В 2007 году среди суннитских племен все шире начали распространяться новые взгляды, что привело к ощутимому улучшению ситуации в плане безопасности. С помощью этого вынужденного альянса с Вашингтоном племена намеревались вернуть себе контроль над контрабандой, которую доверил им Саддам Хусейн во времена эмбарго и подмяли под себя исламисты после 2003 года. Незадолго до гибели во время рейда в Баакубе аз-Заркави осознал важность преемственности и молодого поколения иракских боевиков, которые приняли эстафету у иностранных радикалов. Такая «иракизация» борьбы должна была дать четкий политический проект суннитам, которые ощущали себя в изоляции во властных кругах. В середине октября 2006 года лидер «Аль-Каиды» Абу Омар аль-Багдади заявил о формировании Исламского государства Ирака на территории нескольких суннитских провинций. Все это должно было стать прелюдией к восстановлению халифата. После 2011 года сирийский кризис открыл для исламистов новое направление борьбы и привел к созданию ИГИЛ в апреле 2013 года по случаю десятилетней годовщины взятия Багдада.

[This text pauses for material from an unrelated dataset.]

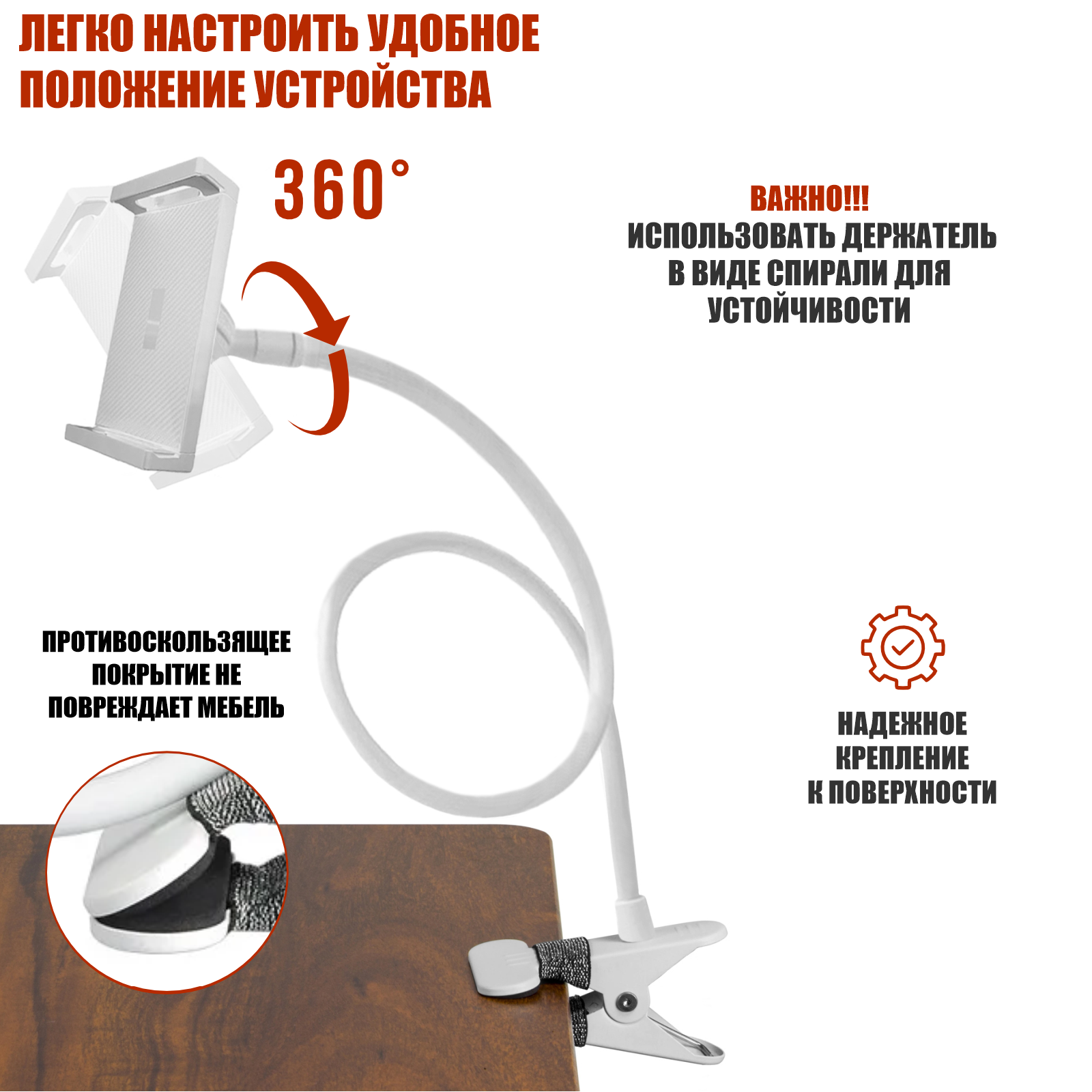 Гибкий держатель-прищепка для планшета до 25 см с металлическим зажимом для стола, белый интересное:

Взятие силами ИГИЛ Эль-Фаллуджи и других зон в Аль-Анбаре выглядит особенно символичным десять лет спустя после основных столкновений исламистов с американскими силами, которые ознаменовали собой самое большое кровопролитие за весь период оккупации. Если у кого-то и были в этом сомнения, недавние операции подтвердили сохранившуюся мощь и решимость иракских исламистов, чья сепаратистская деятельность сегодня ставит под угрозу границы их страны и соседнего государства. Дробление сил в сирийском вооруженном восстании и столкновения между группами боевиков объясняют отступление ИГИЛ на свою историческую иранскую базу. Кроме того, радикалы ставят себе на пользу вспышку гнева суннитов на фоне подъема в декабре 2012 года масштабного протестного движения, которое неоднократно подавлялось багдадскими властями.
Если судить по продолжающимся боям между силами безопасности и суннитскими мятежниками, а также начатыми по приказу Нури аль-Малики обстрелами в Аль-Анбаре, иракский премьер намеревается использовать силу, а не диалог, чтобы вернуть себе контроль над территорией и избавиться от соперников. В частности он может положиться на поддержку племен, которые сложили оружие в 2008 году, но затем вновь решили начать борьбу с «Аль-Каидой» на стороне центральных властей. Другие же племена наоборот предпочли стать на радикальные позиции ИГИЛ, так как посчитали себя преданными США после окончательного вывода войск и местным правительством, которое пообещало им интеграцию в военный аппарат и силы безопасности.
Каким бы ни был исход кризиса, очевидно, что репрессивная стратегия аль-Малики не сможет положить конец насилию и успокоить все более многочисленных радикалов, а наоборот лишь обострит напряженность. В прошлом ИГИЛ уже не раз доказывало, что прекрасно умеет набирать сторонников и пользоваться неустойчивой ситуацией в экономике, для исправления которой пока что нет никаких предпосылок. Хотя на этом как раз и выстраивается кампания аль-Малики: спасение Ирака и его жителей от терроризма и возвращения в страну «Баас». Несмотря на низкие рейтинги, премьер-министр вполне может рассчитывать на третий мандат, особенно при отсутствии организованных оппозиционных сил.